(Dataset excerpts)
---
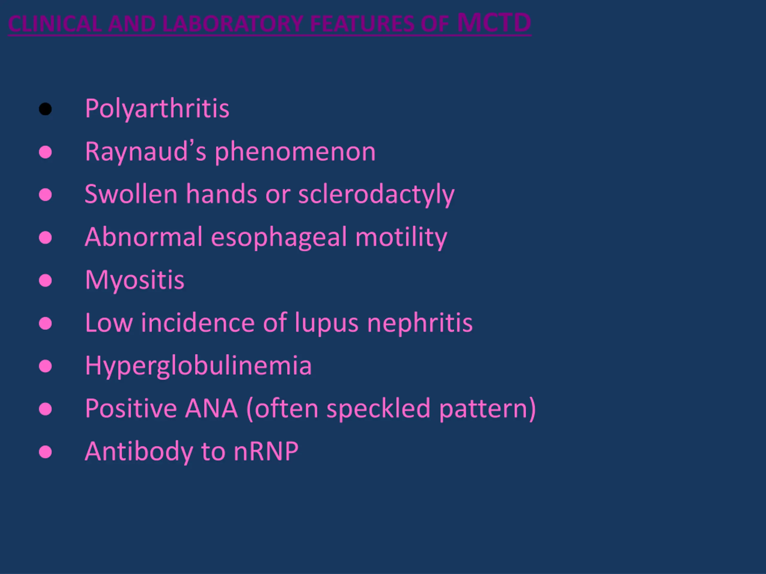 CLINICAL AND LABORATORY FEATURES OF MCTD Polyarthritis Raynaud s phenomenon Swollen hands or sclerodactyly Abnormal esophageal motility Myositis Low incidence of lupus nephritis Hyperglobulinemia Positive ANA (often speckled pattern) Antibody to nRNP
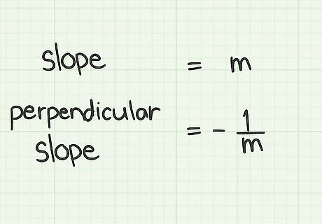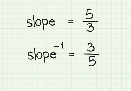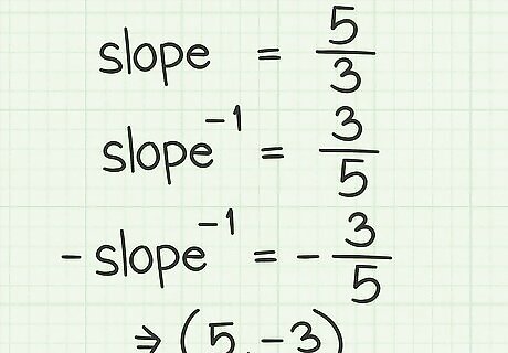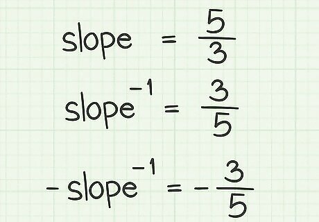 Find the negative reciprocal. If the slope of the original vector is positive, then the slope of the perpendicular vector will have to be negative. Conversely, if the slope of the original vector is negative, then the slope of the perpendicular vector will be positive. In the working example, the original slope was 5 3 {\displaystyle {\frac {5}{3}}} {\frac {5}{3}}, so the slope of the perpendicular vector must be − 3 5 {\displaystyle -{\frac {3}{5}}} -{\frac {3}{5}}.
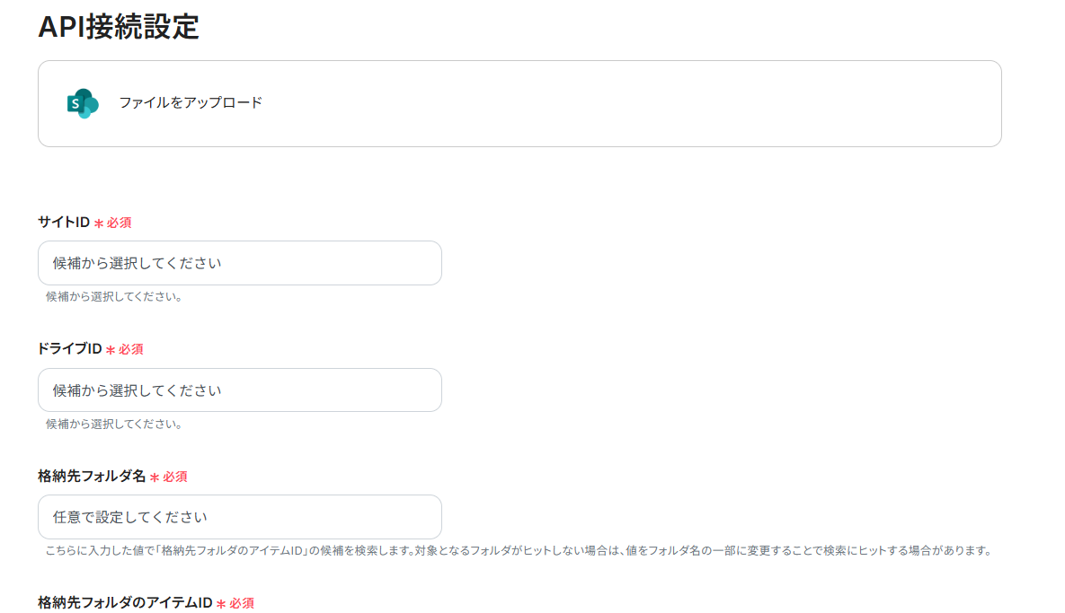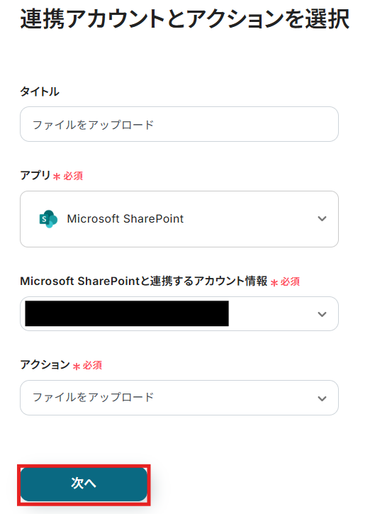 ステップ5:Microsoft SharePointにファイルをアップロードするアクションを設定
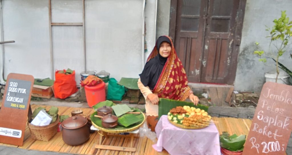 Ia menambahkan, jajan dan makanan yang dijual di antaranya: sego karak, godho tempe, sego pecel, sego dodo, lontong room, kowi, jongkong, pontir, jemblem, bantol, tetel, srawut, sumpil, awok sagu, ketan lamaran, ketan pleret, nogosari, bongko kacang ijo. Selain itu, juga ada kupat ketek, kue kentang, glali kemplong, glali ulur, kacang noga, es sinom, es temulawak, es trancam, es cao, pokak, es dawet, es bubur gempol, es serut, es lilin, dan stan dolanan jadul.
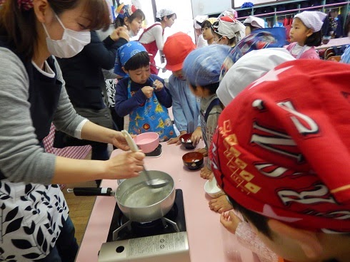 お手伝いできていただいたお母さん先生に、お湯で湯がいてもらいました。
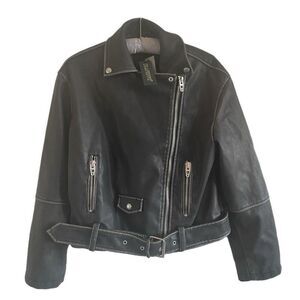 BLANKNYC Faux Leather Belted Moto Jacket
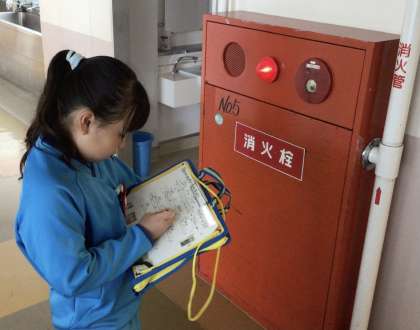学校内で消防に関わるものを探してまわりました。
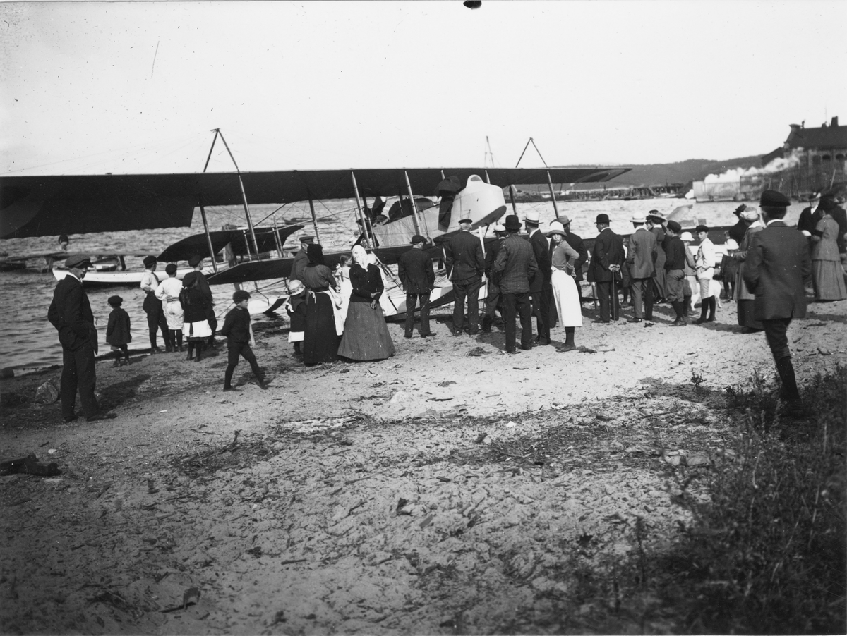 Löjtnant Kronstedt med Fahrmanflygbåt i Härnösand 1915.
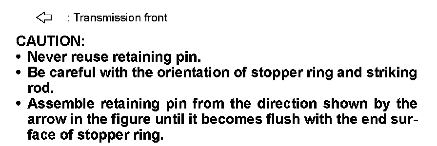 - Assemble retaining pin from the direction shown by the arrow in the figure until it becomes flush with the end surface of stopper ring.
---
» **What you have to do**:
Only the lines from the line containing "BLANKNYC Faux Leather Belted Moto Jacket" through the last line of the entries above should be reproduced, word for word and without pictures.

» **Solution to this problem**:
 BLANKNYC Faux Leather Belted Moto Jacket
学校内で消防に関わるものを探してまわりました。
 Löjtnant Kronstedt med Fahrmanflygbåt i Härnösand 1915.
 - Assemble retaining pin from the direction shown by the arrow in the figure until it becomes flush with the end surface of stopper ring.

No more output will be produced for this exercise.